(Beginning of DATA IN THIS EXERCISE)
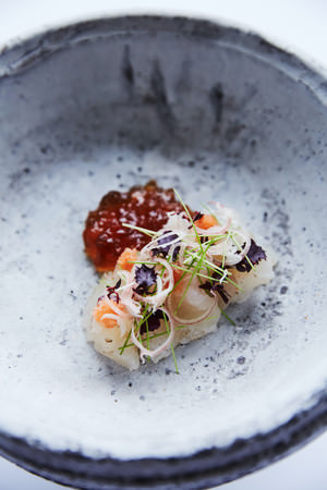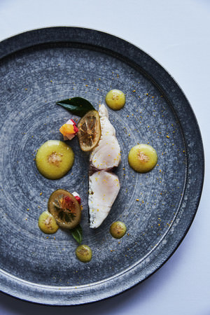 フィンガーライムの清涼感も程よいアクセント。鰆の旨みを口当たりのまろやかで香り高い柑橘ソースが包み込んだ愛媛県の陸と海の恵が出会った逸品です。
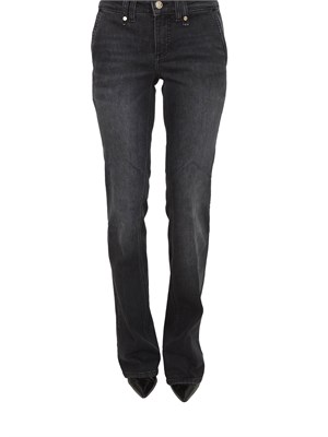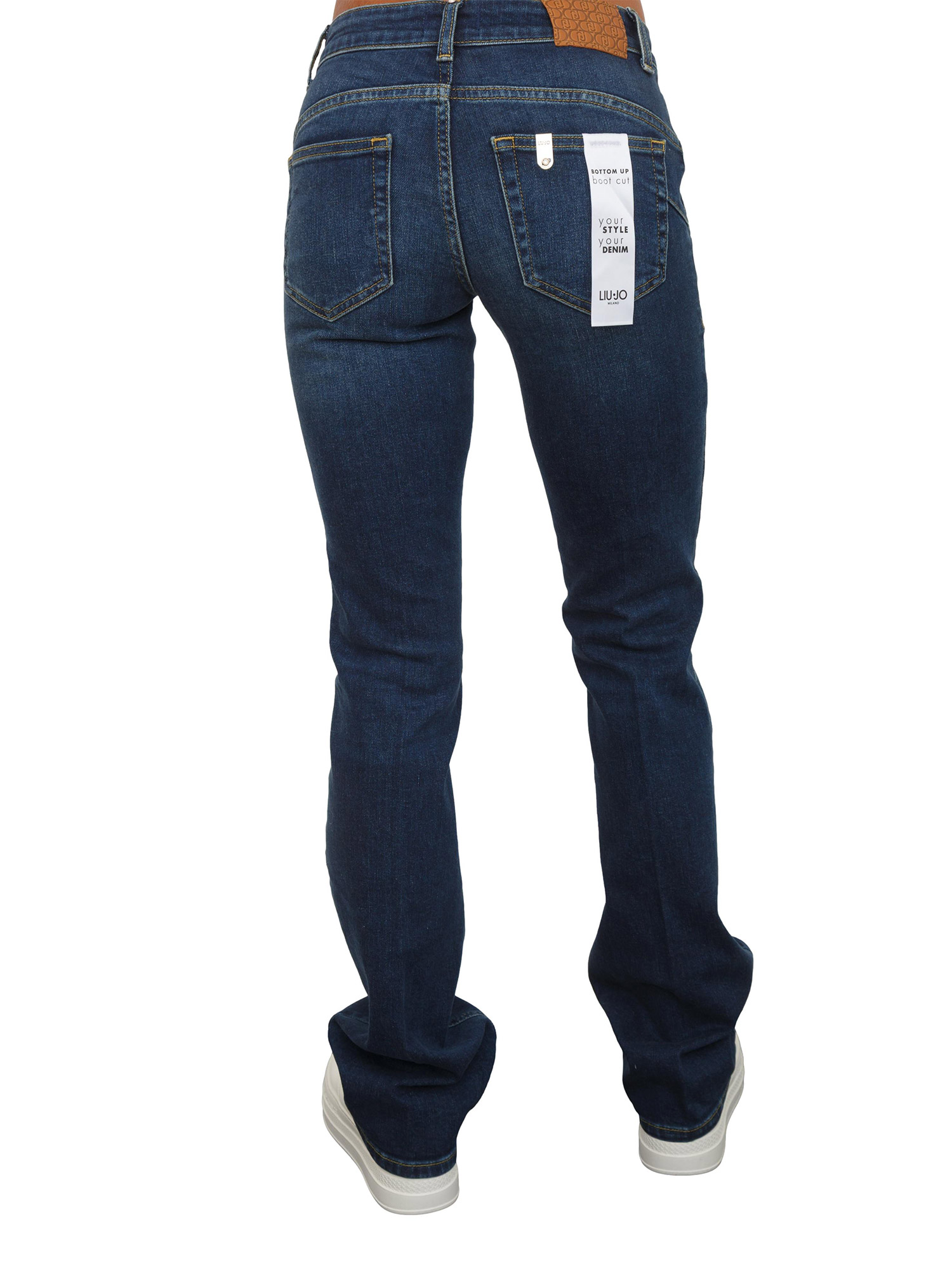 Jeans Liu Jo donna realizzati in denim di cotone stretch con tagli bottom up e lavaggio used. Modello a vita bassa, gamba slim che si allarga e salpa logata. La modella è alta 1.72 e indossa la taglia 26.
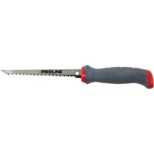 pilka na sádrokarton pevný a stabilní list pro řezání a prořezávání sádrokartonu vysokofrekvenčně kalené 3x broušené zuby, tvrdost HRC 52±2, 7 TPI ergonomická ABS rukojeť s měkčenou gumou délka listu …
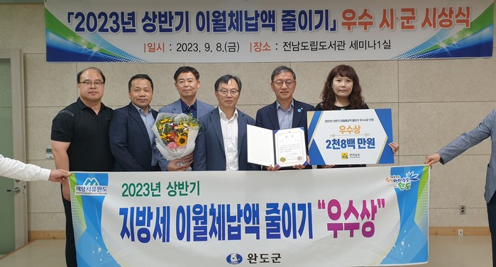 [전남=프레스뉴스] 박정호 기자= 전남 완도군은 지난 9월 8일 전라남도가 주관하는 ‘2023년 상반기 지방세 이월 체납액 줄이기’ 평가에서 우수 기관 표창을 받았다.
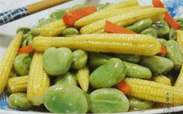 【原料】:玉米笋、蚕豆、胡萝卜 【做法】: 1、胡萝卜洗净去皮,切成长条;其他两样洗净备用。 2、起锅热油,爆香姜末,将以上三种材料一起入锅爆炒,加适量水焖3-5分钟,用盐、蘑菇精、少许白糖调味。待汤汁略收干后即可出锅。 【温馨提示】: 1、蚕豆不可生吃,应将生蚕豆多次浸泡或焯水后再进行烹制。 2、不可多吃,以防胀肚伤脾胃。 &nbs
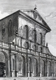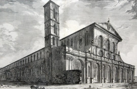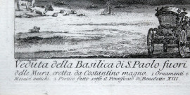 Stampa raffigurante "Veduta della Basilica di S.Paolo fuori delle mura eretta da Costantino Magno", cm 58x76, inventore Jean Barbault (1705-1766), disegnatore Freicenet (1725-1774), entro cornice.
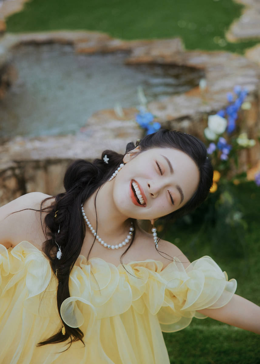 珍珠饰品的搭配堪称点睛之笔,让甜美元气中更添一份精致温婉。简约的珍珠耳饰与细巧的珍珠项链相互呼应,没有过分堆砌的华丽感,却以温润的质感中和了黄色的明亮感,让整体造型更显典雅得体。配饰的简约风格与礼服的简约设计形成和谐统一,既符合盛典场合的正式感,又不会掩盖沈月自身的甜美元气质感。而她的妆容选择同样贴合整体造型,清透的裸妆凸显五官优势,自然的眉形、淡雅的眼妆搭配元气满满的唇色,让托腮甜笑的瞬间更显娇俏动人,将“灵动仙气”的氛围精准传递。
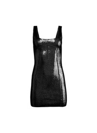 Be the life of every party in our Sequin Knit Bodycon Dress. Features flattering square neckline with extra support at top cups and back for lift and smoothing, so no bra is needed. Corset effect princess seams give shape and flatter your figure. Pair with heels and your favorite Essentials panty for a look that goes perfectly from happy hour to after hours. Materials & Care - Body: 72% Viscose & 28% Polyester - Spot clean only - SKU: DR0696-0100 Size & Fit - Model is 5'11 and wearing a size Small. - Size Small measures approx 24" from center front to hem.
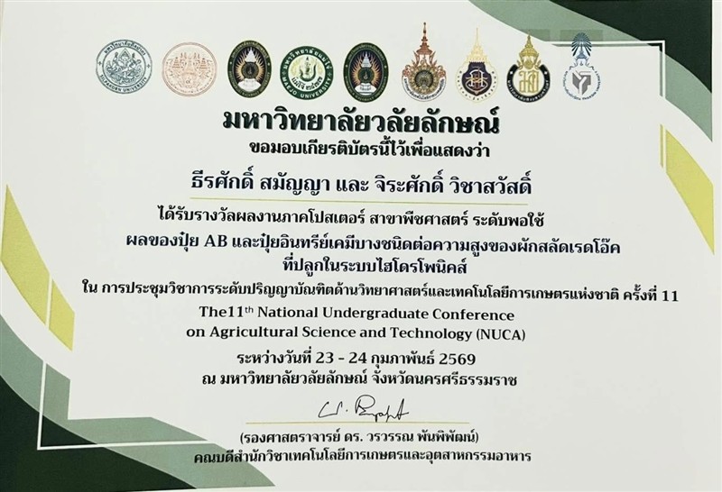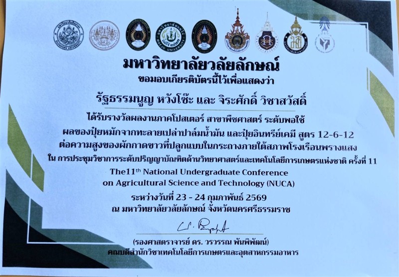 ทั้งนี้ นักศึกษาสาขาวิชาพืชศาสตร์ ได้เข้าร่วมนำเสนอผลงาน จำนวน 8 เรื่อง และสามารถคว้ารางวัลได้ถึง 6 รางวัล ดังนี้
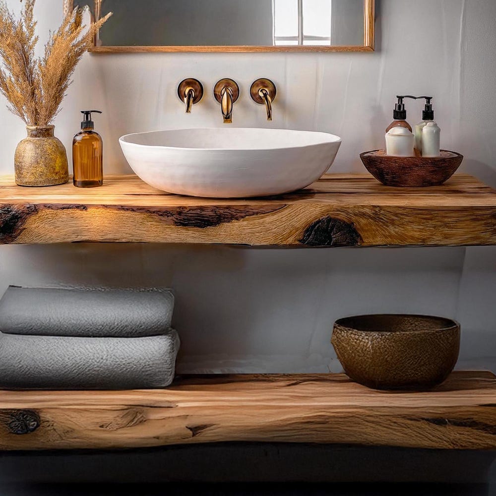 rustic handmade custom wooden floating bathroom vanity old style farmhouse decor sink table live edge reclaimed solid wood shelf countertop Each vanity is thoughtfully designed to enhance your bathroom’s aesthetic with a warm, farmhouse style that combines elegance and function. Key Features: • Premium Solid Wood: Built to last, this vanity is crafted from durable, […]
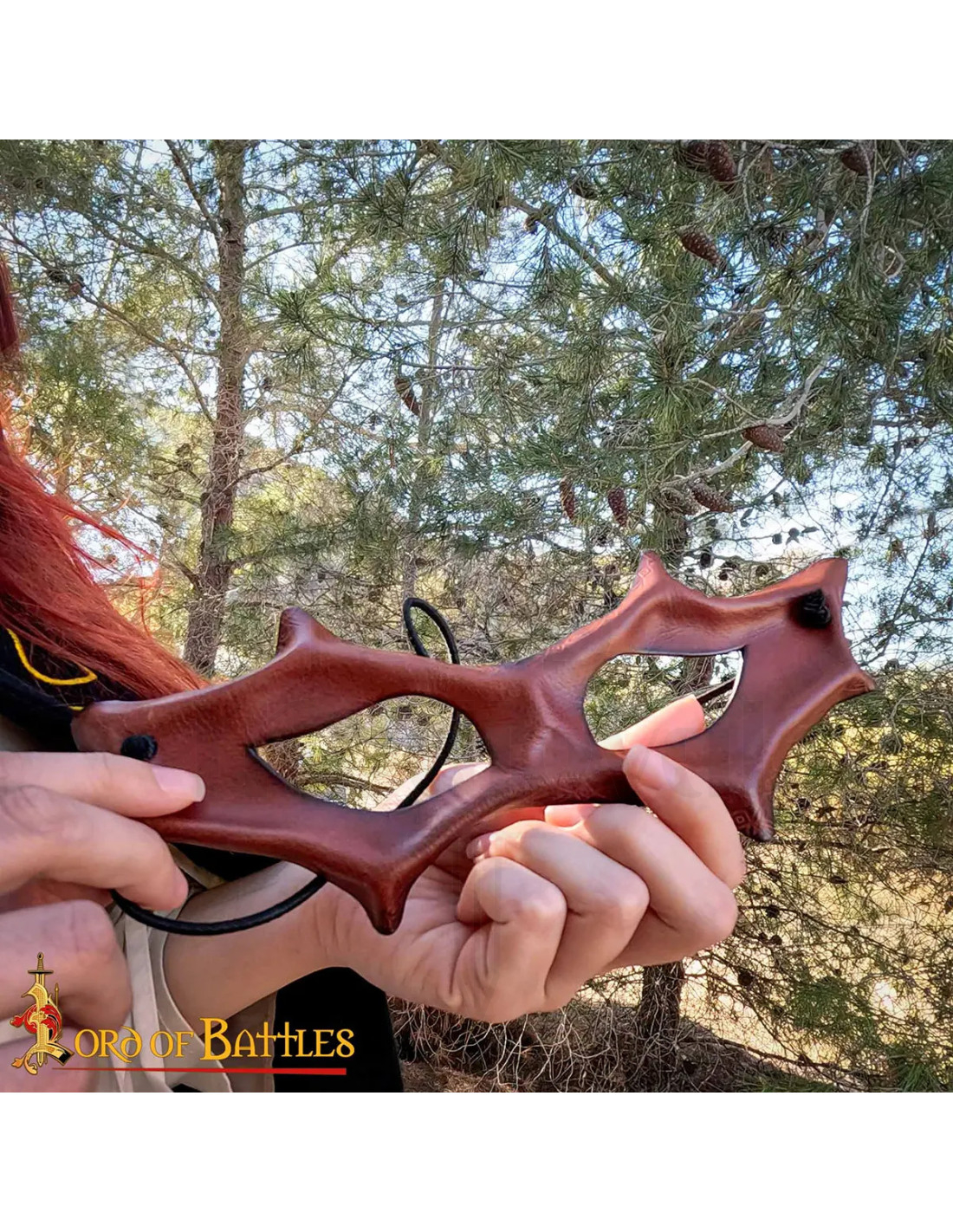 Realizzata a mano in vera pelle di tonalità marrone scuro e finitura opaca, questa maschera offre una sensazione di autenticità che eleva la tua interpretazione senza perdere comfort. La sua struttura rigida mantiene la forma durante scene intense, mentre i ritagli ovali permettono una visione chiara per muoverti con sicurezza in combattimenti, esplorazioni o performance.
(End of DATA IN THIS EXERCISE)
Quote, without alteration, the lines running from the line containing "Be the life" to the last line of the entries, and include no pictures.

SOLUTION TO THIS EXERCISE =>
 Be the life of every party in our Sequin Knit Bodycon Dress. Features flattering square neckline with extra support at top cups and back for lift and smoothing, so no bra is needed. Corset effect princess seams give shape and flatter your figure. Pair with heels and your favorite Essentials panty for a look that goes perfectly from happy hour to after hours. Materials & Care - Body: 72% Viscose & 28% Polyester - Spot clean only - SKU: DR0696-0100 Size & Fit - Model is 5'11 and wearing a size Small. - Size Small measures approx 24" from center front to hem.
 ทั้งนี้ นักศึกษาสาขาวิชาพืชศาสตร์ ได้เข้าร่วมนำเสนอผลงาน จำนวน 8 เรื่อง และสามารถคว้ารางวัลได้ถึง 6 รางวัล ดังนี้
 rustic handmade custom wooden floating bathroom vanity old style farmhouse decor sink table live edge reclaimed solid wood shelf countertop Each vanity is thoughtfully designed to enhance your bathroom’s aesthetic with a warm, farmhouse style that combines elegance and function. Key Features: • Premium Solid Wood: Built to last, this vanity is crafted from durable, […]
 Realizzata a mano in vera pelle di tonalità marrone scuro e finitura opaca, questa maschera offre una sensazione di autenticità che eleva la tua interpretazione senza perdere comfort. La sua struttura rigida mantiene la forma durante scene intense, mentre i ritagli ovali permettono una visione chiara per muoverti con sicurezza in combattimenti, esplorazioni o performance.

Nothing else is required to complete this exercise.